5.2.1.1. Building a castle out of stone is better than wood because it is more stable, balanced, and can't be lit on fire. People realized that building their castles using stronger materials are very useful against enemy invasions.

5.2.1.2. Imagine that you are building a boat, you will need very strong materials enough to withstand the weight of the person riding it and the current of water it is flowing through. Using wood or reeds would not be the best choice because it is not strong to hold together. Steel or fiberglass would be a better choice.

5.3. Structural Shapes

5.3.1. Parts of the structure's frame that vary in shape and size.

5.3.1.1. When building a house, a construction will have very different parts of materials to work with. Have you wondered why roof-tops are made slanted? It's because the slopes on either side lets rain-water and snow slide down so that it wouldn't pile up and break the ceiling.

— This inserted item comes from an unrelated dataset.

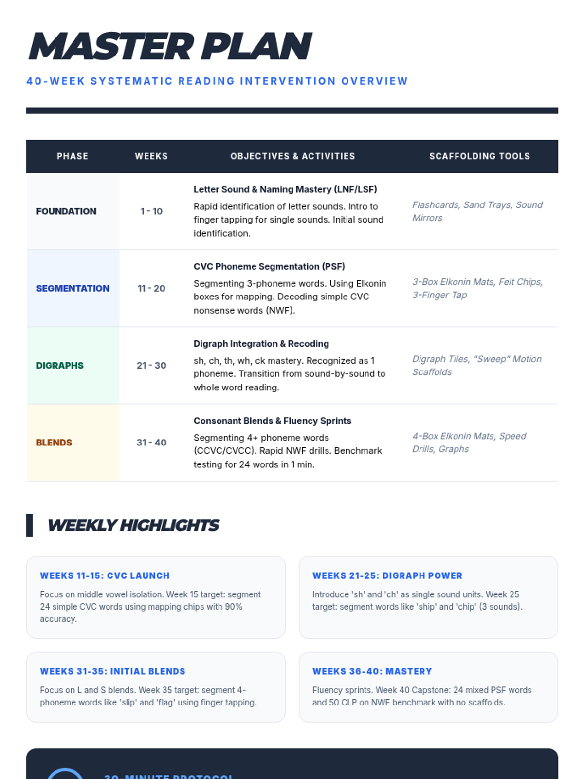 A 40-week master plan for reading intervention, outlining quarterly goals, weekly focuses, and specific scaffolding tools for PSF and NWF.

5.3.1.2. When people build complex bridges, did you ever realize that the steel frames are usually "X"s or triangles. This is because the sides of a triangle are harder to be compressed and bent, also the "X"s provide extra support with the steel rods crossing. These shapes are way more stable that rectangles or squares.

5.4. Stability

5.4.1. A state when the whole structure is well balanced or when it is very fixed and firm.

5.4.1.1. A see-saw is stable when the weights on both sides are equal. This is so that it doesn't tip over when one side weights more that the other.

5.4.1.2. When grocery store employees arrange their products on top of each other, they need to think of the stability. If it is not stable, then the whole thing will come cashing down.

6. Describing forces

6.1. Plane & Point of Application

6.1.1. Where the force hits the structure. (top, bottom, side, ect.)

6.1.1.1. If you want to destroy your friend's Lego tower, you will most likely be aiming at the bottom. Most of the tower's weight is there and it's the bottom do all of the blocks on top will fall easily. Whereas if you hit the top, only that part of the tower will fall.

6.1.1.2. If you want to take out a stack of textbooks out of your locker, you will most likely hold onto the bottom book. This is because that is where most of the weight is so that the rest don't fall out of your hands

6.2. Direction

6.2.1. Which direction the force is coming from. (90*, 180*, 45*)-(in front, side, diagonally)

6.2.1.1. When you use a crane to destroy a wall, it will most likely to be hit at a 90* angle (in-front.) This is because the wall is thicker if you smash it on the side and the diagonal angle.

6.2.1.2. When you get into a car crash, if you smash your car head-on, then there will be more damage because the engine is there and it will most likely compress with the object hit. If you get hit on the side, then it is often less severe because it will only damage the doors.

6.3. Magnitude

6.3.1. How big/ fast the force is when it hits the object

6.3.1.1. When you kick into a punching bag, the more power you use, the stronger the force, and the bag is going to move more. But is you use less power, there will be less force and the bag might not even move.

6.3.1.2. When you throw a ball, if you throw it hard, then it will travel faster through the air and when it hits the object. But is you just toss it, there won't be as much speed as when you whip it.